By Ambrose Gahene
Government has launched a new model that interlinks and makes calculation of various economic sectors; more accurate in the Gross National Product (GDP) and forecasting of economic growth and policy analysis.
The ministry of Finance says the new model is more comprehensive and is better than the one it has been using because it is holistic, unlike the former which was partially in nature.
In his presentation at Kampala Imperial Royal Hotel last week about the new model which been code named; “The Integrated Macroeconomic Model”, the commissioner macroeconomic policy in the ministry of Finance, Dr Albert Musisi, said over the years the economy has evolved and become sophisticated and thus required new analytical tools to deal with the new aspects of the economy.
Secretary to the Treasury Keith Muhakanizi, said the economy has become more sophisticated with many sectors that were not in included in the calculation of the GDP now contributing significantly to the country’s growth.
“If you take for example in 1986, there was no ICT, digital, oil and gas and all these have come in and compared to the past, and many others that have emerged that require new model of incorporating them in the calculation of GDP,” he said.

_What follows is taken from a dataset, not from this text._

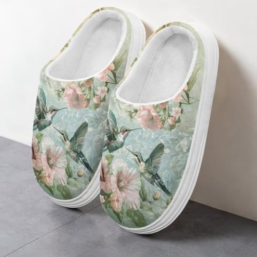 UNICEU Hummingbird Fuzzy Slippers for Women Lightweight Soft House Shoes Comfy Slip On Indoor Bedroom Slides 1
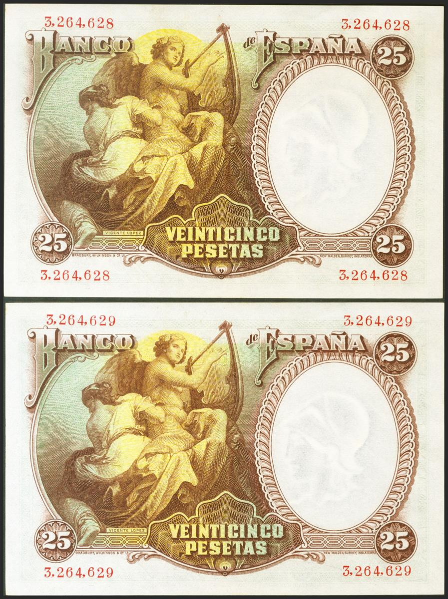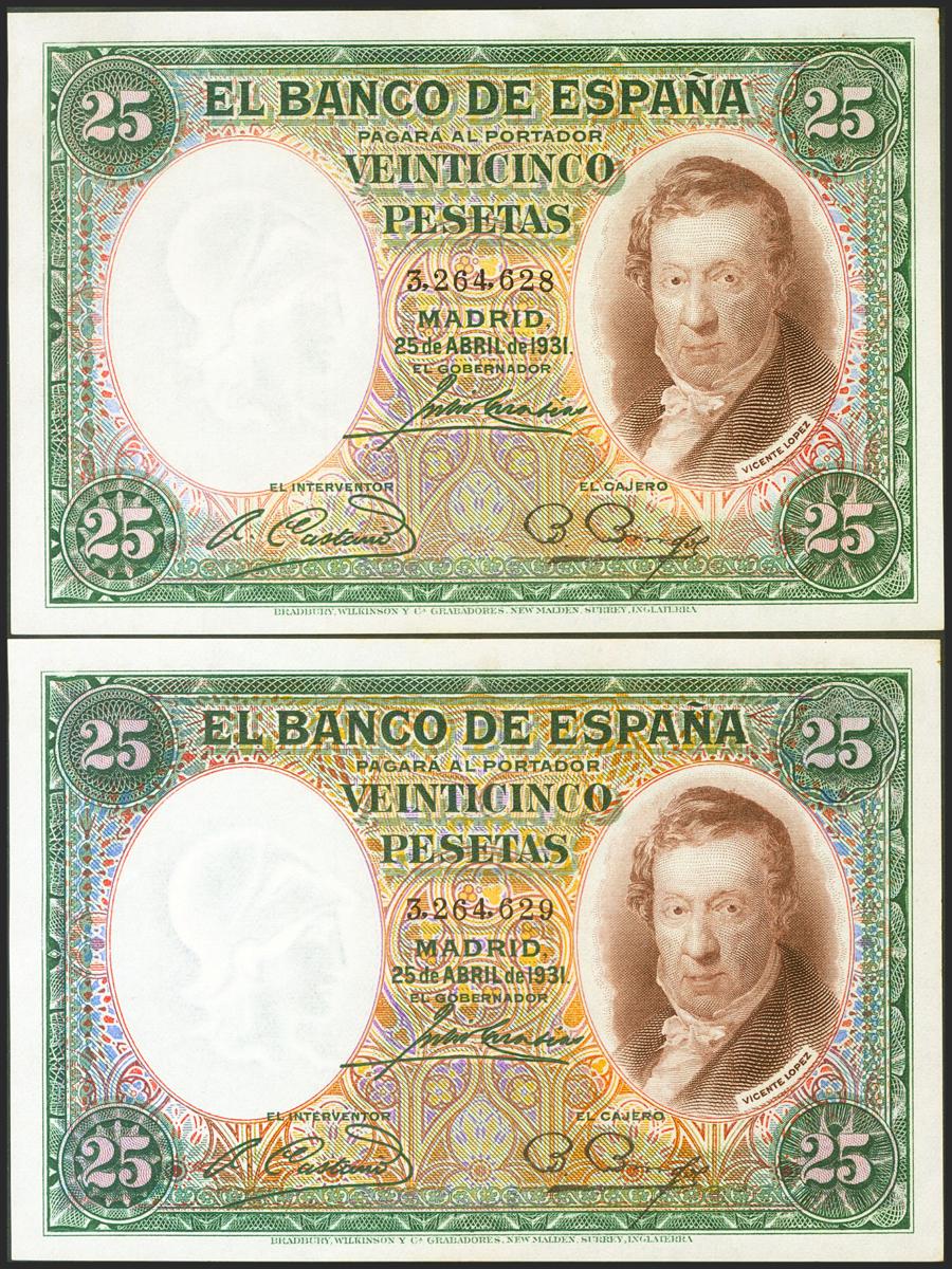 25 Pesetas. 25 de Abril de 1931. Pareja correlativa. Sin serie. (Edifil 2021: 358). Apresto original. SC.

He further pointed out that over the years; there are many developments that have taken place in Uganda’s economy; that requires a more comprehensive model (tool or system) to match with the current developments in the economy which is more sophisticated.
“The use of this tool will be vital in ensuring the implementation of key legislation and key national visions and development plans; charter for fiscal responsibility 2016, East African Community Monetary Union 2022, and Public Finance Management Act 2015,” he added.